Proposed (UDT Restructuring)
Note
I have been working on this project over the last few months, current progress is available here: (GitHub branch)
This is an attempt to restructure the base networking layer of Vircadia to be one based on a more full-fledged implementation of UDT. While High Fidelity originally started out with a UDT implementation, they slimmed it down and tore out all nonessential bytes and packets to improve the amount of data that can be placed in a single packet. The efforts here are in the hope that a less-efficient but better-behaving network layer can improve performance and flexibility.
UDT (originally named SABUL) was originally crafted as a high-speed data transfer protocol using UDP and rewriting the assumptions that TCP uses to maintain a connection.
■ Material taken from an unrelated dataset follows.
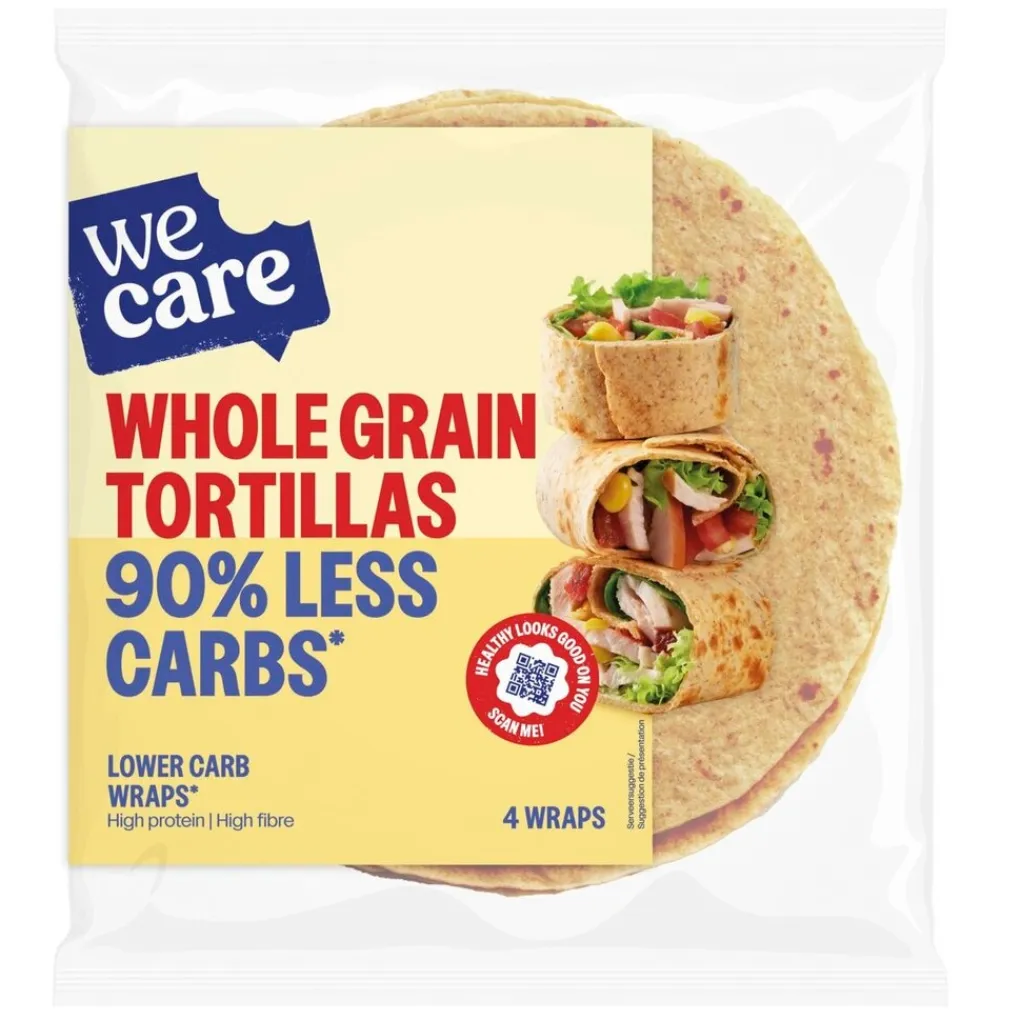 Ontdek de WeCare Whole Grain Tortillas Lower Carb Wraps met 90% minder koolhydraten dan gewone wraps en boordevol eiwitten en vezels. Ideaal als basis voor een gezonde lunch, avondmaaltijd of als tussendoortje.

High Fidelity most likely chose it due to its custom networking properties being unknown to most firewalls and thus more likely to penetrate them. The protocol is defined by a series of RFCs (which have all expired) and a reference implementation (which contains details not in the spec and does not fully conform to it). These can be found here:
Last RFC (referencing v4 of the protocol)
Reference implementation (converted from CVS and merged with some few stray Git commits)
The efforts here have taken the RFC and reference implementaton, initially creating a partial implementation in Go, then porting that implemenation into C++. As such, it is a lot more thread-heavy than the reference implemenation and also hopefully separated more from the original implemenation decisions of the original reference implemenation (HiFi’s implementation cuts half the code out but still uses familiar variable names). Where descrepancies between the RFC and the ref implemenation exist I have gone with the reference implemenation. I have also tweaked the protocol a bit to promote MTU discovery, but in a way that shouldn’t cause incompatibilities with an unmodified system (hopefully?)